## What is required
Wherever a picture appears, skip it and retype the rest of the data exactly.
[Dataset excerpts Boundary: Start]
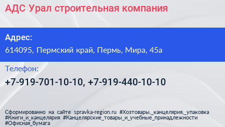 АДС-Урал, строительная компания по адресу 614095, Пермский край, Пермь, Мира, 45а в дальнейшем Организация, размещена в следующих категориях:
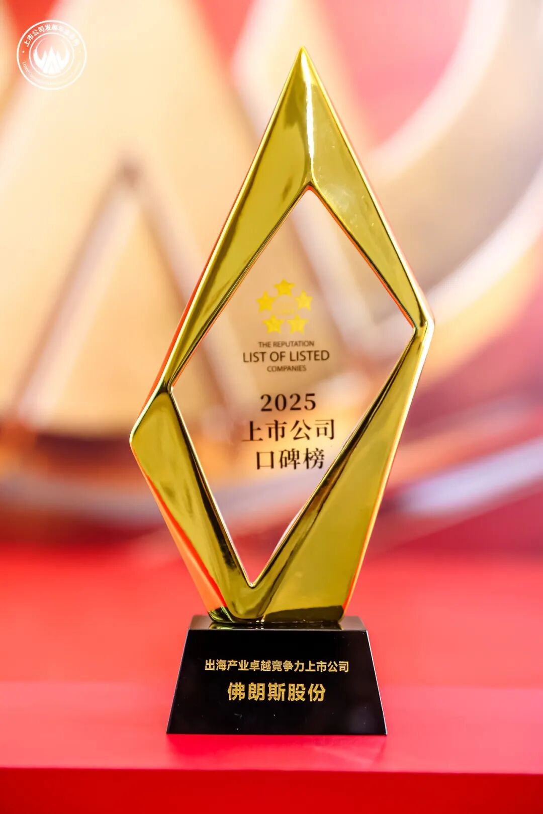 随着年会的成功举办,“第十五届上市公司口碑榜”也随即揭晓,佛朗斯股份凭借开拓海外市场、构建国际竞争力、实现跨国经营方面成效显著,成功斩获“出海产业卓越竞争力上市公司”奖。
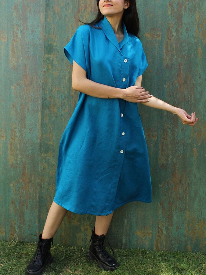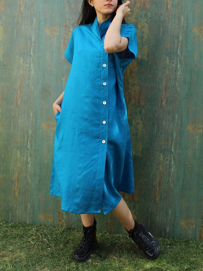 Ladies Casual Solid Color Cotton And Linen Lapel Dress
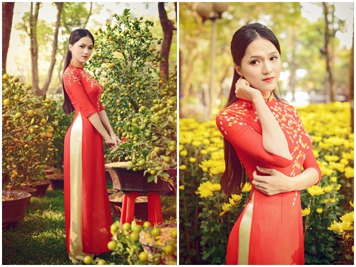 Hương Giang Idol chọn áo dài màu đỏ rực rỡ của NTK Thuận Việt khi dạo khu chợ hoa ngày Tết. Nữ ca sĩ chuyển giới chọn kiểu tóc rẽ ngôi giữa thanh lịch. Hình ảnh cổ điển, trang nhã giúp người đẹp nổi bật giữa muôn vàn sắc hoa xuân. Ảnh: Raymoon
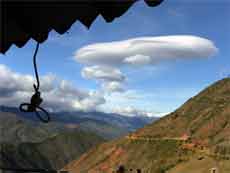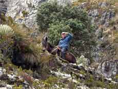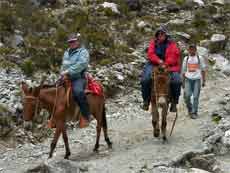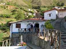 In Los Nevados ist die Zeit offensichtlich stehen geblieben, man lebt von der Vermietung von Unterkünften (Posadas) und von dem, was hier angebaut wird. Zum Hausbau wird alles verarbeitet, was es hier gibt, die Dächer werden mit Bambusstangen zu den Wohnräumen hin isoliert, das hält in der kühlen Jahreszeit warm und in der Mittagshitze kühl. Die Posadas sind einfach, aber sauber. Am Abend bekommen wir ein leckeres typisches Landesessen, die andinische Milchsuppe, Hühnchen mit Reis und Salat, dazu frisch gepressten Maulbeersaft und zum Abschluss cafe negro. Hier geht man früh zu Bett, um wenig Energie zu verbrauchen. Glasfenster gibt ebenfalls keine, die Fensteröffnung wird mit Holzläden verschlossen, wenn man morgens Licht braucht, dann ist eben das Fenster offen und es weht ein kühler Andenwind ins Zimmer. Das kann auf 2500 m Höhe schon mal empfindlich kalt sein. Auf dem aus Stein gebauten Bett mit Schaumstoffmatratze schlafen wir dann mit 2 Wolldecken zugedeckt und zusammen gekuschelt tief und fest. In dieser Höhe gibt es keinen störenden Lärm.
[Dataset excerpts Boundary: End]
## Task result
 АДС-Урал, строительная компания по адресу 614095, Пермский край, Пермь, Мира, 45а в дальнейшем Организация, размещена в следующих категориях:
 随着年会的成功举办,“第十五届上市公司口碑榜”也随即揭晓,佛朗斯股份凭借开拓海外市场、构建国际竞争力、实现跨国经营方面成效显著,成功斩获“出海产业卓越竞争力上市公司”奖。
 Ladies Casual Solid Color Cotton And Linen Lapel Dress
 Hương Giang Idol chọn áo dài màu đỏ rực rỡ của NTK Thuận Việt khi dạo khu chợ hoa ngày Tết. Nữ ca sĩ chuyển giới chọn kiểu tóc rẽ ngôi giữa thanh lịch. Hình ảnh cổ điển, trang nhã giúp người đẹp nổi bật giữa muôn vàn sắc hoa xuân. Ảnh: Raymoon
 In Los Nevados ist die Zeit offensichtlich stehen geblieben, man lebt von der Vermietung von Unterkünften (Posadas) und von dem, was hier angebaut wird. Zum Hausbau wird alles verarbeitet, was es hier gibt, die Dächer werden mit Bambusstangen zu den Wohnräumen hin isoliert, das hält in der kühlen Jahreszeit warm und in der Mittagshitze kühl. Die Posadas sind einfach, aber sauber. Am Abend bekommen wir ein leckeres typisches Landesessen, die andinische Milchsuppe, Hühnchen mit Reis und Salat, dazu frisch gepressten Maulbeersaft und zum Abschluss cafe negro. Hier geht man früh zu Bett, um wenig Energie zu verbrauchen. Glasfenster gibt ebenfalls keine, die Fensteröffnung wird mit Holzläden verschlossen, wenn man morgens Licht braucht, dann ist eben das Fenster offen und es weht ein kühler Andenwind ins Zimmer. Das kann auf 2500 m Höhe schon mal empfindlich kalt sein. Auf dem aus Stein gebauten Bett mit Schaumstoffmatratze schlafen wir dann mit 2 Wolldecken zugedeckt und zusammen gekuschelt tief und fest. In dieser Höhe gibt es keinen störenden Lärm.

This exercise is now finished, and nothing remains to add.